Paranoá Parque, 26 de abril de 2041

O projeto político-pedagógico da Comunidade de Aprendizagem do Paranoá (conhecida por CAP) apresentava-se deste modo:

Quando a comunidade se constitui como parte atuante da escola, com voz e participação na construção coletiva do projeto político-pedagógico, surge o sentido de pertencimento, isto é, a escola passa a pertencer à comunidade, que, por sua vez, passa a zelar com mais cuidado por seu patrimônio; a escola começa a sentir-se pertencente àquela comunidade e, então, começa a criar, planejar e respirar os projetos de interesse de sua gente, de sua realidade.”

A “Apresentação” da CAP começava com um excerto do documento-base da política educacional da Secretaria de Estado da Educação do Distrito Federal (SEEDF), o “Currículo em Movimento da Educação Básica”, documento, até então. letra morta.

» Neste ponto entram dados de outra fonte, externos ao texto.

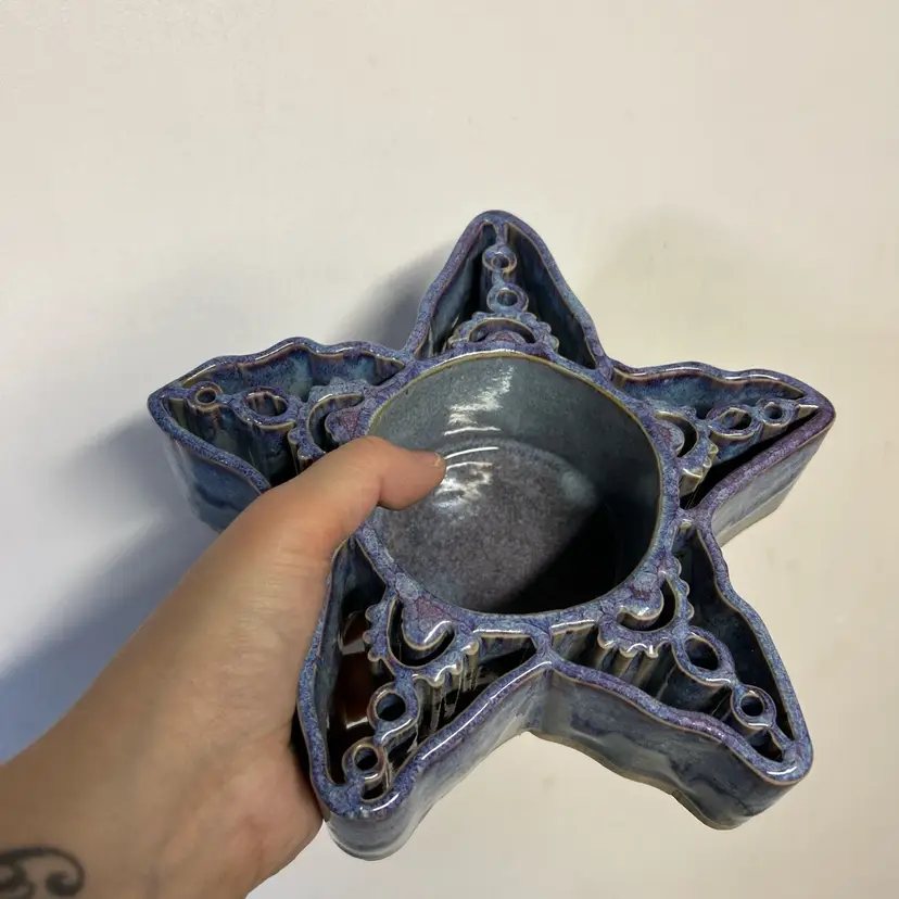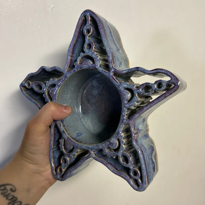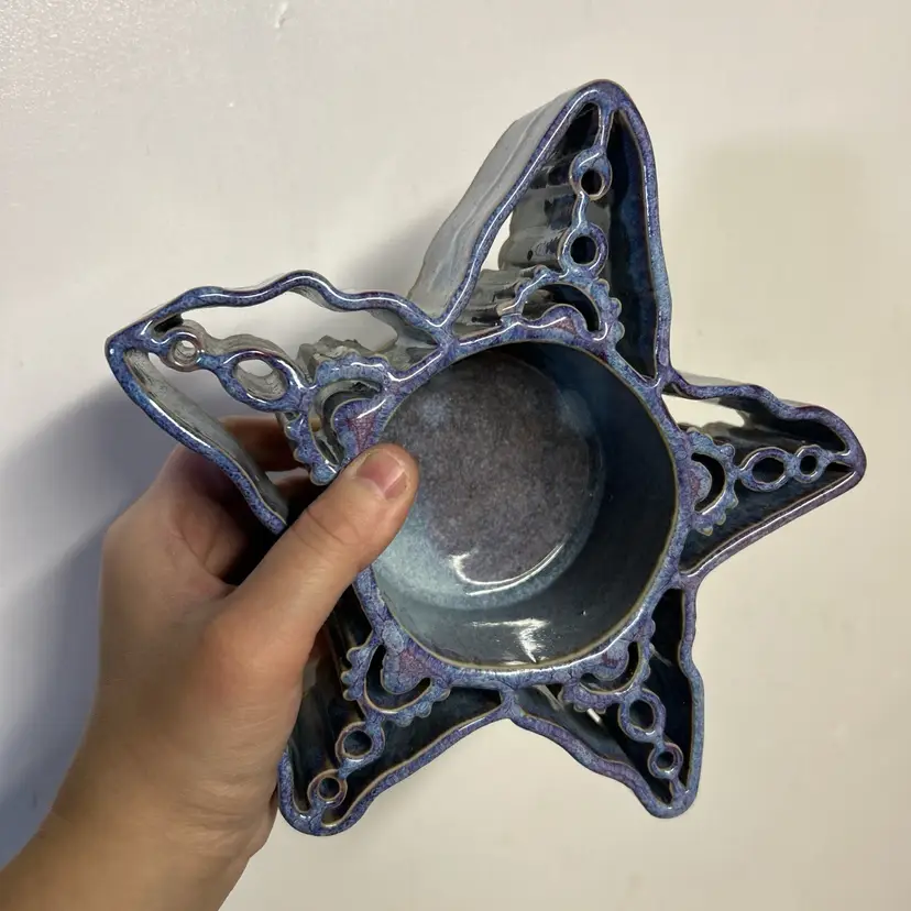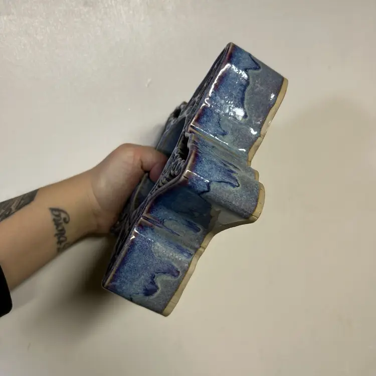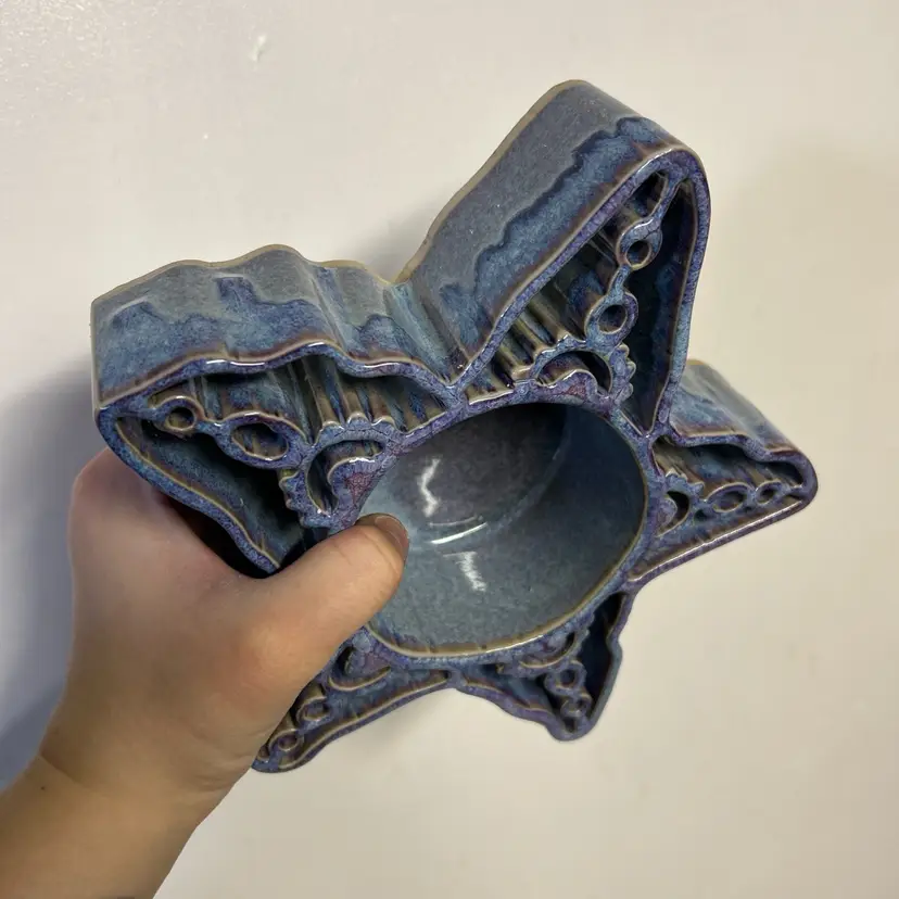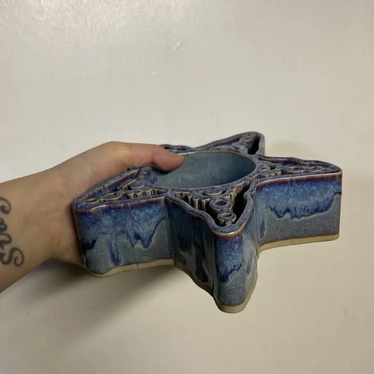 You could also use this for jewelry. The glaze is gorgeous! Height is a little past 2 width is 8

Em 2015, a pedido da secretaria, um núcleo de projeto se tinha constituído. Em 2018, o teor do documento começava a ter tradução prática, círculos de aprendizagem presencial (de vizinhança) eram esboçados. Nos encontros com a comunidade e com a secretaria de educação, seria suscitado o debate sobre a ressignificação do espaço escolar, bem como da relação deste com a comunidade. Visava-se materializar princípios e valores, que constavam do projeto e fundamentavam a prática. Refletir-se-ia sobre espaços e tempos de aprendizagem, sobre as formas de representação dos conteúdos curriculares, dos procedimentos e estratégias de avaliação, das atividades culturais.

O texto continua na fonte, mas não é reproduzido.